Try beginning at the root itemscope node , filter descendant elements having itemprop attributes; return object result containing array items holding Microdata items.

This solution is based on the algorithm found at Microdata

7 Converting HTML to other formats

7.1 JSON

Given a list of nodes nodes in a Document, a user agent must run the following algorithm to extract the microdata from those nodes into a JSON form:

Let result be an empty object.

Let items be an empty array.

For each node in nodes, check if the element is a top-level microdata item, and if it is then get the object for that element and add it to items.

Add an entry to result called "items" whose value is the array items.

Return the result of serializing result to JSON in the shortest possible way (meaning no whitespace between tokens, no unnecessary zero digits in numbers, and only using Unicode escapes in strings for characters that do not have a dedicated escape sequence), and with a lowercase "e" used, when appropriate, in the representation of any numbers. [JSON]

This algorithm returns an object with a single property that is an array, instead of just returning an array, so that it is possible to extend the algorithm in the future if necessary.

When the user agent is to get the object for an item item, optionally with a list of elements memory, it must run the following substeps:

Let result be an empty object.

If no memory was passed to the algorithm, let memory be an empty list.

Add item to memory.

If the item has any item types, add an entry to result called "type" whose value is an array listing the item types of item, in the order they were specified on the itemtype attribute.
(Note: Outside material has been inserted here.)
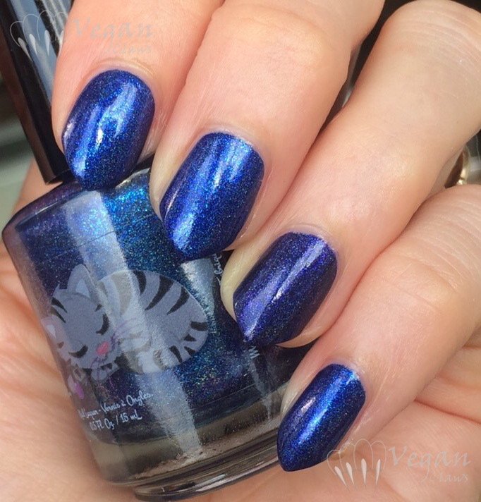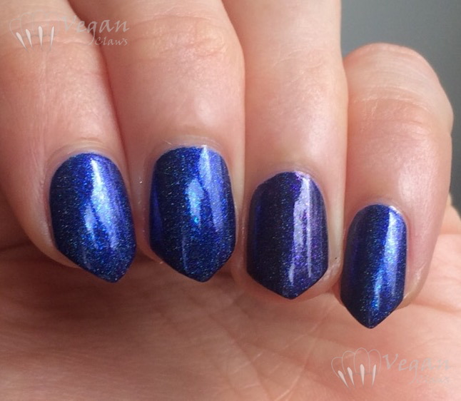 Later I decided to compare Jupiter Grapes and Planet Pluto, which is an indigo-toned blue, again with glass flecks that mostly appear blue in this polish. Here is Planet Pluto with a ring finger accent of Jupiter Grapes, in sunlight:
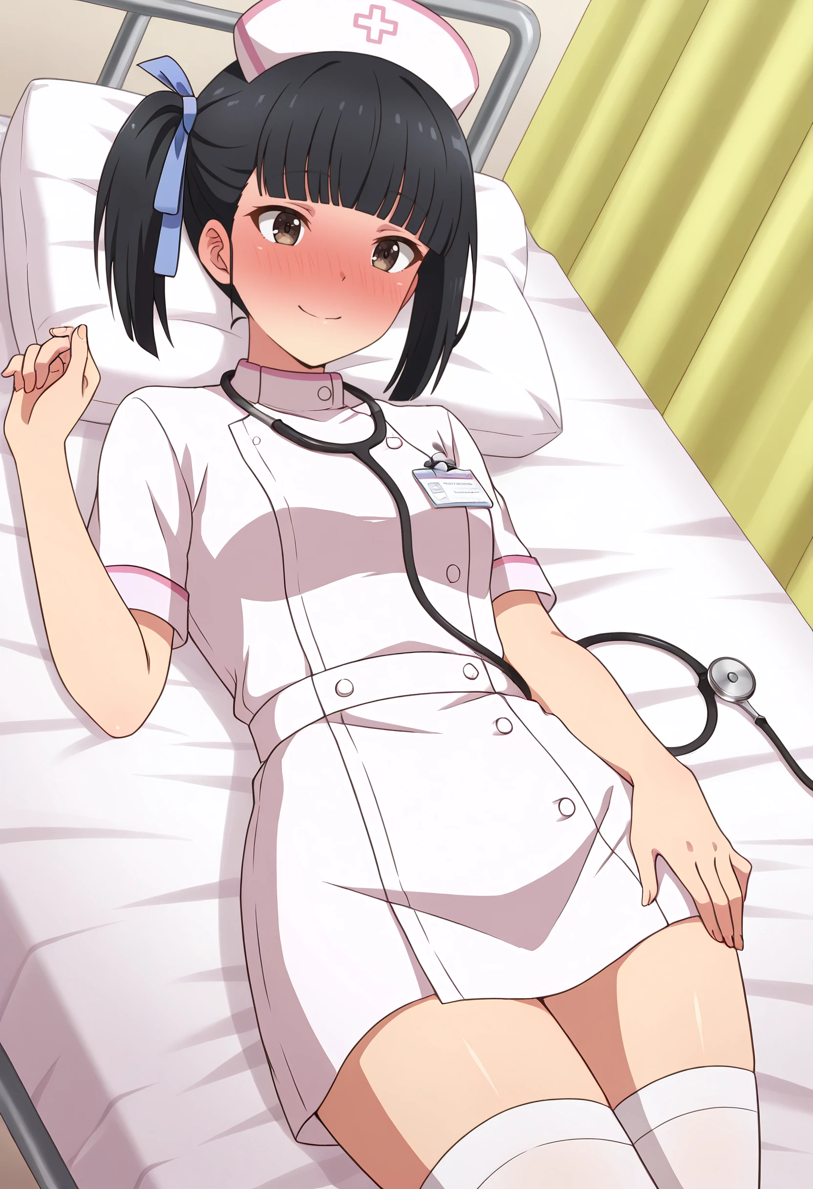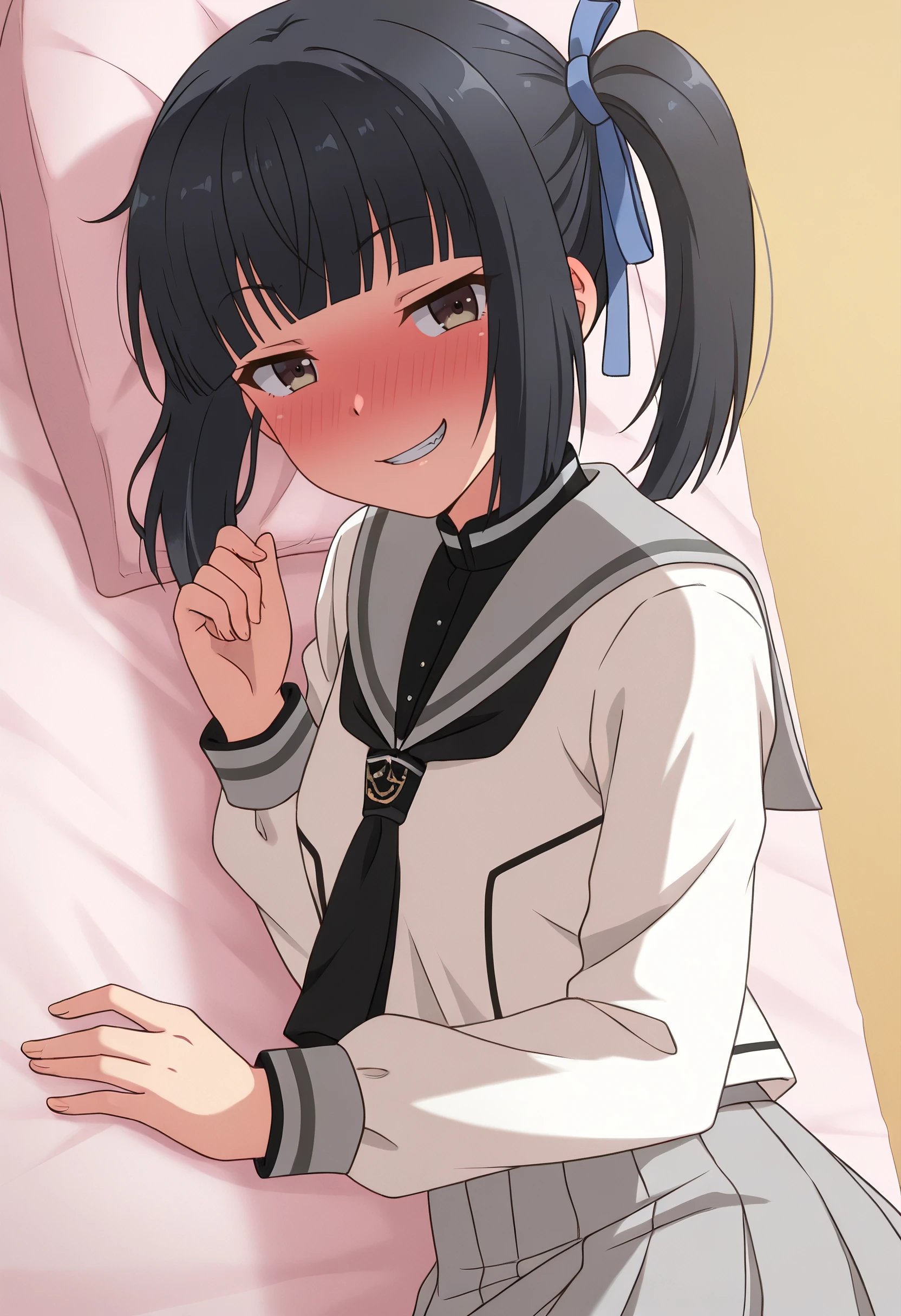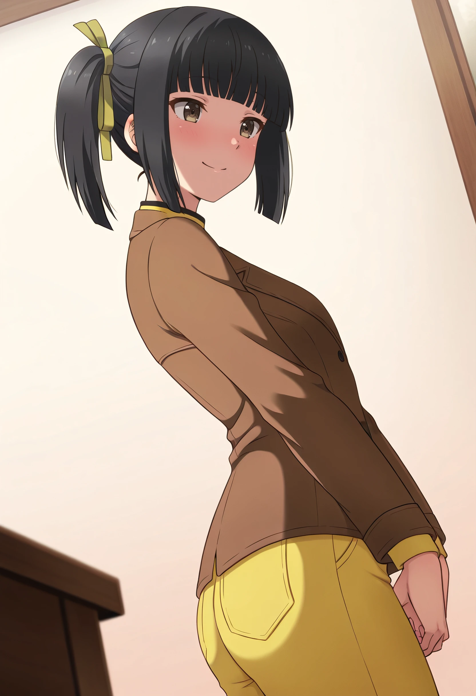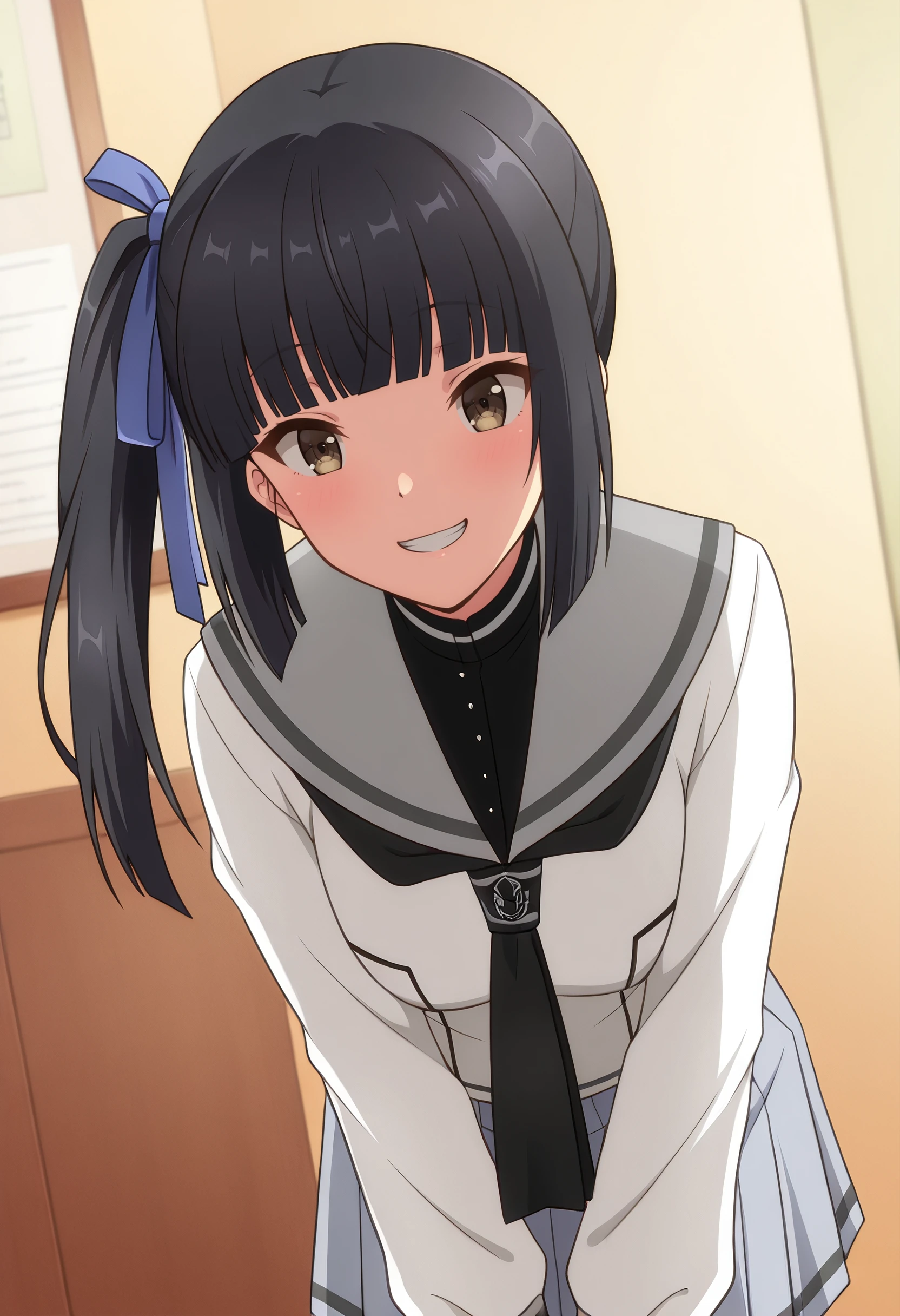 TNMMiya, brown eyes, black hair, hair ribbon, short hair, side ponytail, blunt bangs, ponytail, sidelocks,

If the item has a global identifier, add an entry to result called "id" whose value is the global identifier of item.

Let properties be an empty object.

For each element element that has one or more property names and is one of the properties of the item item, in the order those elements are given by the algorithm that returns the properties of an item, run the following substeps:

Let value be the property value of element.

If value is an item, then: If value is in memory, then let value be the string "ERROR". Otherwise, get the object for value, passing a copy of memory, and then replace value with the object returned from those steps.

For each name name in element's property names, run the following substeps:

If there is no entry named name in properties, then add an entry named name to properties whose value is an empty array.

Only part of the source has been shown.